In sum, although most previous studies examined infrastructure, delivery of quality, talent development, and risk management as the key aspects of SCQM, none has yet examined such aspects comprehensively. By analyzing aspects that have a greater effect on performance, corporations must grasp which aspects must be managed more intensively from the perspective of operation management. In this context, empirical research that examines which aspects must be managed further during the performance of SCQM by analyzing the efficiency between the key aspects of SCQM and performance is necessary.

2.3. Efficiency of SCQM. Since resources are limited, companies cannot blindly invest in quality activities. Therefore, the efficient use of resources could be a strategy for improving business performance. Accordingly to this, several studies have investigated the efficiency of SCQM with data envelopment analysis (DEA). Lin et al. [6] discovered strategies to minimize costs by maximizing the synergies among the parties in the supply chain using DEA. Bayraktar et al. [30] also used DEA to compare the relative efficiencies of SCM and information system practices demonstrating that despite small investment, focusing on SCQM can improve performance. Preceding SCQM literature using DEA was limited to single-party data, such as buyers only. However, to verify the adequate efficiency of SCQM, both internal and external partners should be analyzed with data from both parties, such as buyers and suppliers. Therefore, we utilize both buyers and suppliers data for analysis to differentiate with other studies.

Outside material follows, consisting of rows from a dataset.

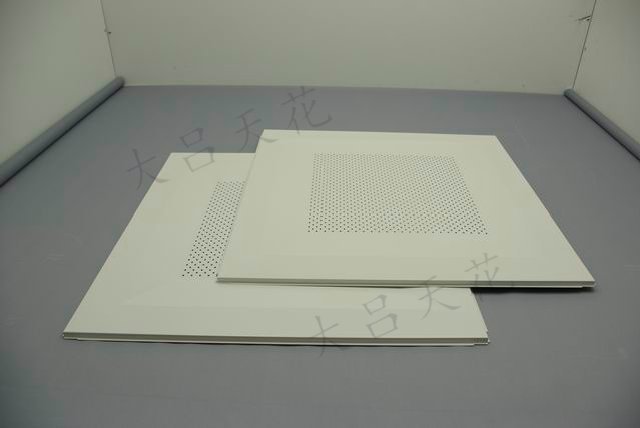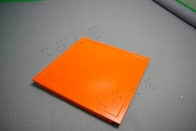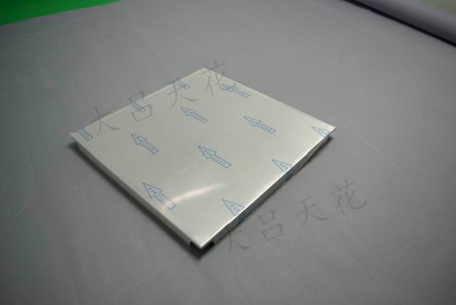 大吕明骨方型扣板厚度为0.5 mm、0.6 mm、0.7 mm、0.8 mm、0.9 mm、1.0 mm、1.2 mm。扣板采用模压成型,标准规格为 350x350mm、600x600mm、600x1200mm。表面涂层一般粉末静电喷涂或聚脂漆喷涂、辊涂,也可选用拉丝和阳极氧化表面处理。
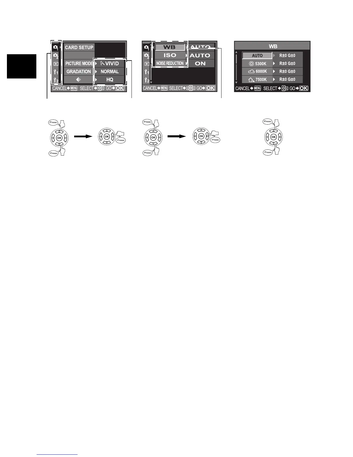 Goes to each setting screen (some
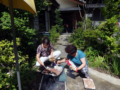 お昼ご飯を頂いて、おママはおばさんと供え物の天ぷらを揚げる。
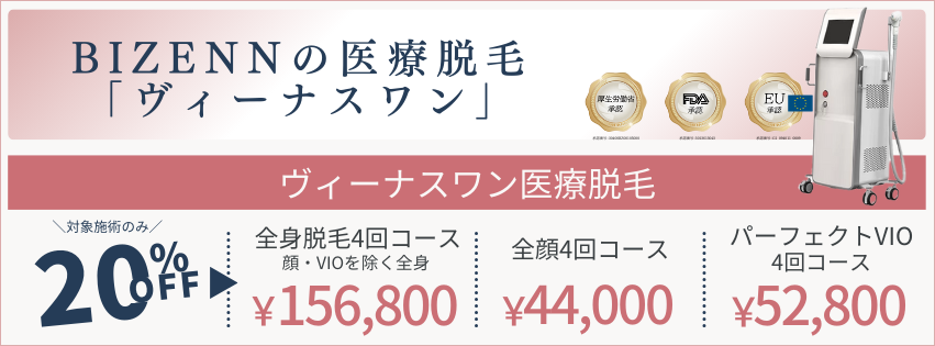 ヴィーナスワン医療脱毛メニュー(対象施術)が20%OFFで受けられます。
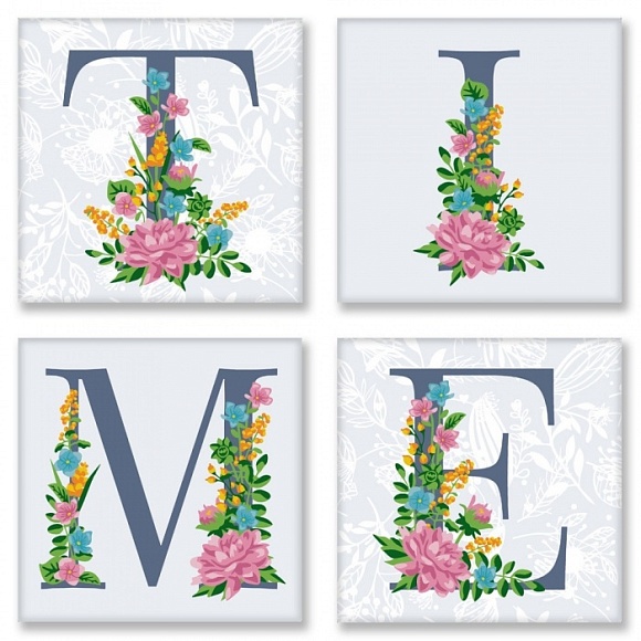 -4 полотна з кольоровим фоном на підрамниках 18 * 18. На кожному полотні розміщені контури букви в квітковому оформленні з номерами під розмальовку.

While several scholars insist on the importance of buyer-supplier relationship, most existing studies on the efficiency of SCQM are biased toward the buyer's practice. Lewis and Sexton [31] suggested a network model through theoretical research and empirical analysis using buyers data. They assumed that inefficient subunits affect supply chain network inefficiency. Wang and Shu [8] investigated buyer's supply chain management policies to minimize total supply chain cost by determining target service levels. They claimed to have reduced production cost and inventory investment for the efficiency of SCQM. Alavi and Pouriani [32] developed an efficiency measure model by selecting optimized suppliers for buyers, showing that managing supply chain visibility and reliability is a key factor to increase the buyer's performance. Liang et al. [11] insisted that measuring the correlation between buyers and suppliers is needed to analyze the relationships and performances. However, the buyers' data were used for the analysis; therefore, it is difficult to adequately reflect the suppliers' performance.

In sum, QM must be performed efficiently due to corporations' limited resources, and studies that analyze the efficiency of SCQM by using DEA therefore have continued to be conducted. However, none yet explored the efficiency of SCQM from the perspective of suppliers despite its necessity. Consequently, to enhance the efficiency of the entire supply chain, it is a necessity to examine the efficiency of both buyers and suppliers.

3. Research Methodology

3.1. Method. As can be seen in Table 1, the objects of study were classified into 2x2 matrix in accordance with the efficiency of buyers and suppliers. Group I shows that both buyers and suppliers are efficient; Group II shows that the buyers are in the "others" category while the suppliers are efficient; Group III shows the opposite of Group II; and Group IV shows the opposite of Group I.

To compare the efficiency of SCQM, we conducted a two-stage analysis of buyer and supplier efficiency. First, DEA is used to distinguish efficiency data as described above. Second, we use discriminant analysis to identify independent variables influencing the 2 x 2 matrix classification.

3.1.1. DEA. Efficiency is the ratio of company performance to its resources. High efficiency means achieving higher output with the same input or the same output with less input. DEA is a linear programming-based model by Charnes et al. [33]. For DEA, a nonparametric technique is used to measure the relative efficiency of decision making units (DMUs) with multiple inputs and outputs.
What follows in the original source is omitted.